= Bienal de Quadrinhos de Curitiba =

Bienal de Quadrinhos de Curitiba is a Brazilian comic book festival held since 2011 in Curitiba.

== History ==

In 2011, the event Gibicon nº 0 ("Gibi" is an informal way of calling comic books in Brazil) took place, with the subtitle "Curitiba's International Comics Convention", organized by Quadrinhofilia Produções Artísticas with Znort Ilustradores. They were invited by Curitiba's Cultural Foundation. There were several events, such as meetings, debates, lectures and exhibitions, held in different places in Curitiba (Gibiteca de Curitiba, Museum of Photography, Memorial de Curitiba, Goethe-Institut, Alliance française, Instituto Cervantes, Sesc Paço da Liberdade and Jokers Pub), with 32 Brazilian guests and seven international guests: Hervé Bourhis, Fabio Civitelli, Lucio Filippucci, Jens Hardes and Salvador Sanz. The event, which was made as a pilot project in anticipation of the 30th anniversary of Gibiteca (which would take place in 2012), had as main objective to assess the receptivity of the local public to this kind of event.

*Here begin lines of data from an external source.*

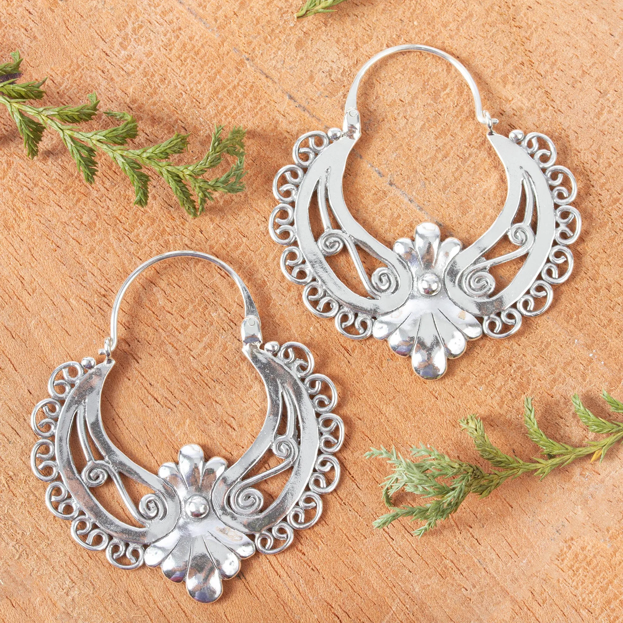 These gorgeous hoop earrings are the original design of Mexico's Gianluca Anzani, who use the ancient "lost wax" technique to create his pieces. The ornate earrings are crafted from sterling silver and polished to a high shine.
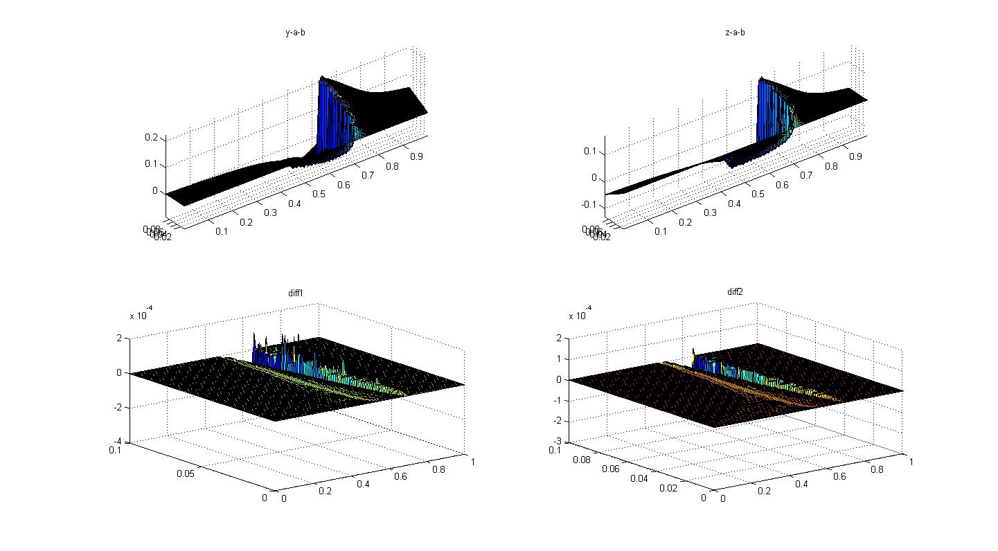 a 和 b 之间有什么关系吗? 如果 a 和 b 一一对应,可以用fsolve求解,大概如下: 函数: 求解: 要画二维曲线,b 为固定值,a在区间递增,求解方程,画图。 如果a 、b没有对应关系,求解出的应该是三维的曲面,大概如下: 在options选项中,可以设置求解算法,具体可参考帮助中的fsolve,我试了试用options=optimset('Display','off', 'ScaleProblem', 'Jacobian' );结果略有不同。 [ Last edited by xiegangmai on 2010-12-27 at 20:20 ] |
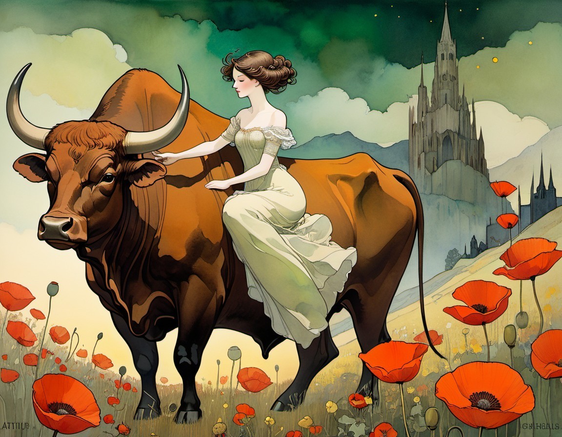 Single image. Art nouveau. The quantum nature of things. A beautiful woman and a large Bull. poppies. colors: mimosa, olive, mustard, chocolate dark green, metallic copper, metallic bronze.

Gibicon reached about 10 thousand visitors in the "test" edition, so the event became regular from 2012 with Gibicon nº 1, this time effectively celebrating the 30th anniversary of Gibiteca de Curitiba. The event, whose periodicity was defined as a biennial for the subsequent editions, continued to be held in several locations around the city and increased the number of guests and related activities. The main activity was the exhibition Tesouros da Grafipar, in honor of Grafipar, a historic publishing house from Paraná.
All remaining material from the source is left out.